All lines from the opening of the material up to and including the line with "クルーネックニットにボタンダ" should be transcribed exactly, pictures excepted.

◆ Records to process
┌──

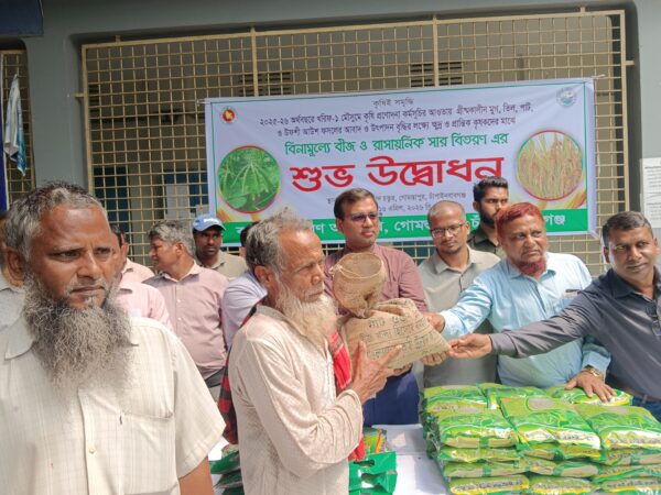 গোমস্তাপুরে কৃষকদের মাঝে ধান বীজ ও রাসায়নিক সার বিতরণ
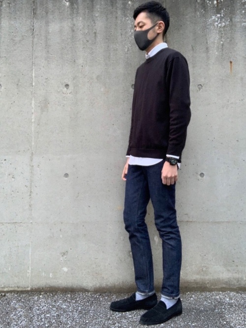 クルーネックニットにボタンダウンシャツ、そこにA.P.C.のジーンズをあわせたシンプルなコーディネートです。シンプルなニットとシャツ、ストレートジーンズという、アイテムはそれぞれシンプルですが、とてもおしゃれな着こなしとなっています。
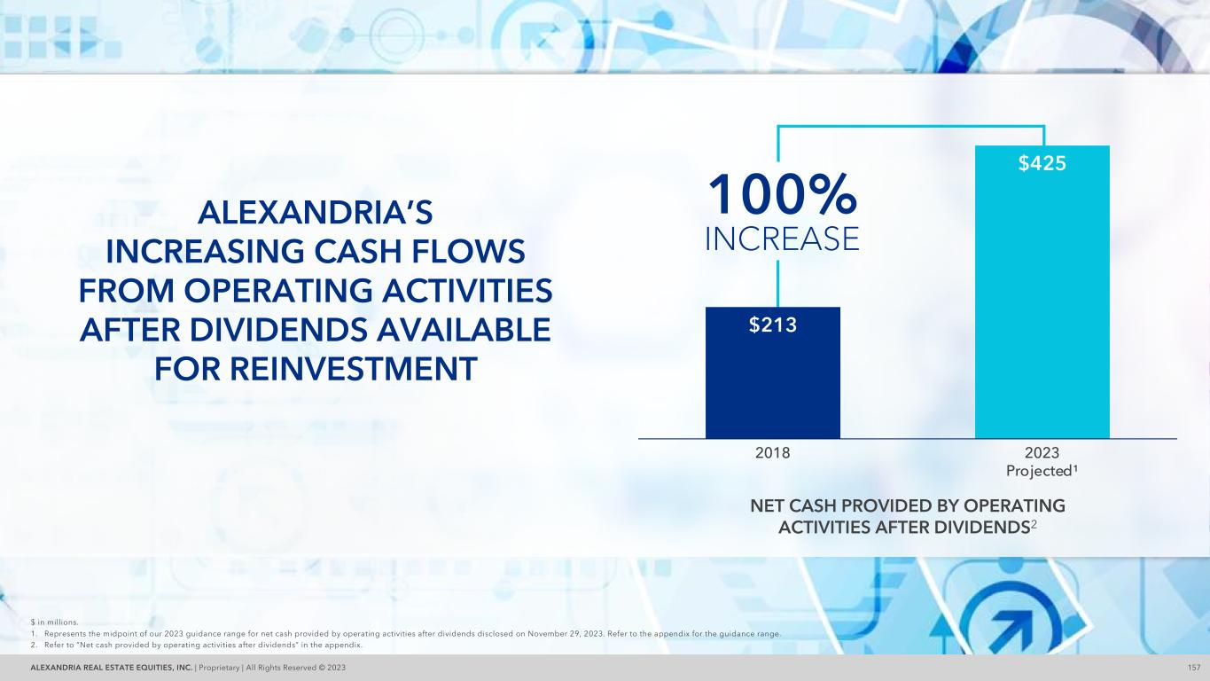 157ALEXANDRIA REAL ESTATE EQUITIES, INC. | Proprietary | All Rights Reserved © 2023 $213 $425 2018 2023 Projected¹ NET CASH PROVIDED BY OPERATING ACTIVITIES AFTER DIVIDENDS2 ALEXANDRIA’S INCREASING CASH FLOWS FROM OPERATING ACTIVITIES AFTER DIVIDENDS AVAILABLE FOR REINVESTMENT $ in millions. 1. Represents the midpoint of our 2023 guidance range for net cash provided by operating activities after dividends disclosed on November 29, 2023. Refer to the appendix for the guidance range. 2. Refer to “Net cash provided by operating activities after dividends” in the appendix. 100% INCREASE
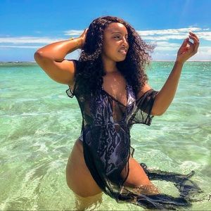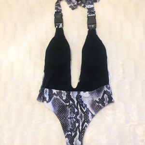 Plunging neckline one piece. High cut leg openings. Brazilian cut (cheeky) rear. Long straps for versatile styling. Side release buckle for an utilitarian look.
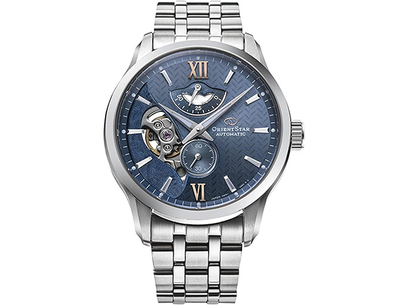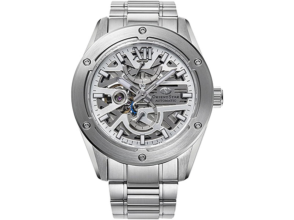 オリエントスター初のシリコン製がんぎ車を搭載した自動巻ムーブメントを採用しており、60時間の駆動と日差+15〜−5秒の高精度を実現しているのも特徴。デザインだけでなく、オリエントの技術力の高さも楽しめるモデルです。
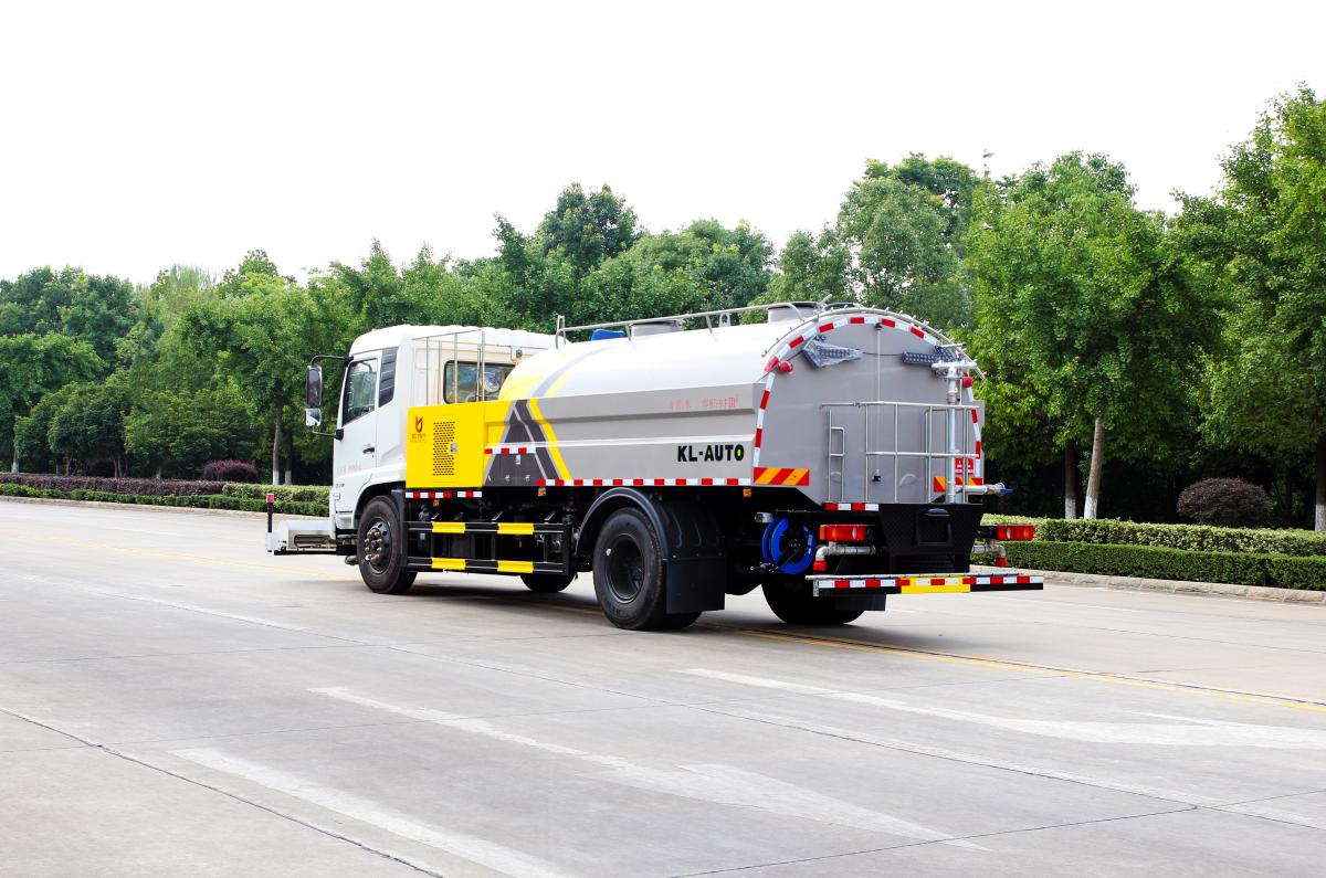 東風天錦道路洗掃車具有路面灑水、沖洗、掃路、清洗、降塵等多種功能。同時配有高壓水槍可 對道路衛(wèi)生死角、牛皮癬及車輛自身進行清潔作業(yè)。
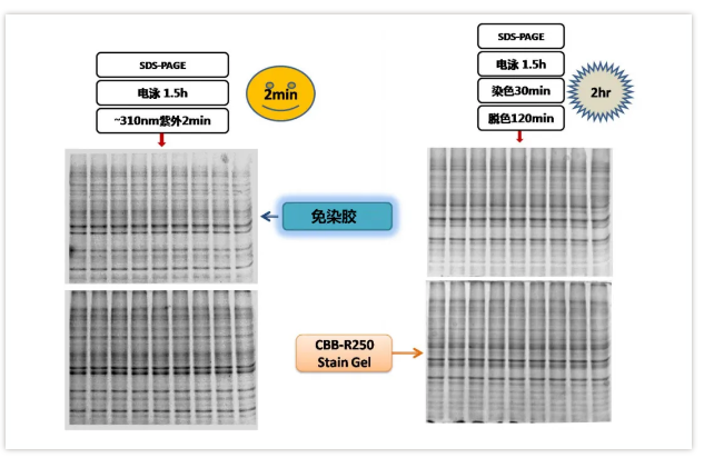 ❸ 高效靈敏:免染膠的靈敏度與考馬斯亮藍染液染色效果相同
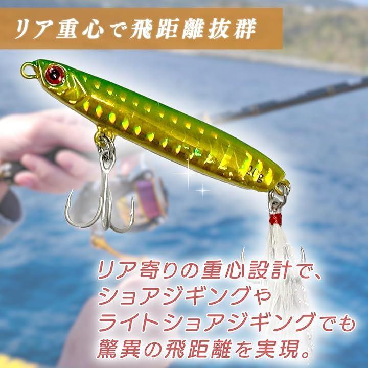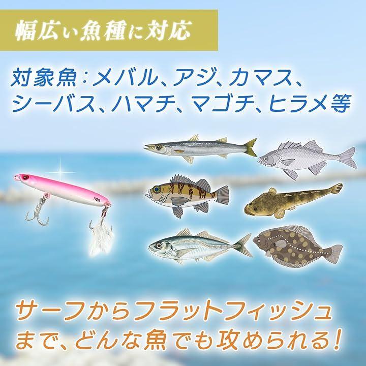 「幅広い魚種に対応」メバル、アジ、カマス、シーバス、ハマチからフラットフィッシュのヒラメやマゴチまで、このメタルジグで幅広い魚種をターゲットにでき、釣行のバリエーションが広がります。
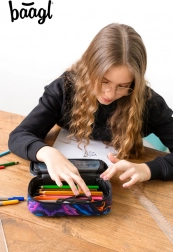 Tento pevný školní penál je ideálním pomocníkem pro každého školáka. Díky své výklopné vnitřní přepážce nabízí snadný přístup ke všem školním potřebám.

└──

◆ Solution to the exercise
 গোমস্তাপুরে কৃষকদের মাঝে ধান বীজ ও রাসায়নিক সার বিতরণ
 クルーネックニットにボタンダウンシャツ、そこにA.P.C.のジーンズをあわせたシンプルなコーディネートです。シンプルなニットとシャツ、ストレートジーンズという、アイテムはそれぞれシンプルですが、とてもおしゃれな着こなしとなっています。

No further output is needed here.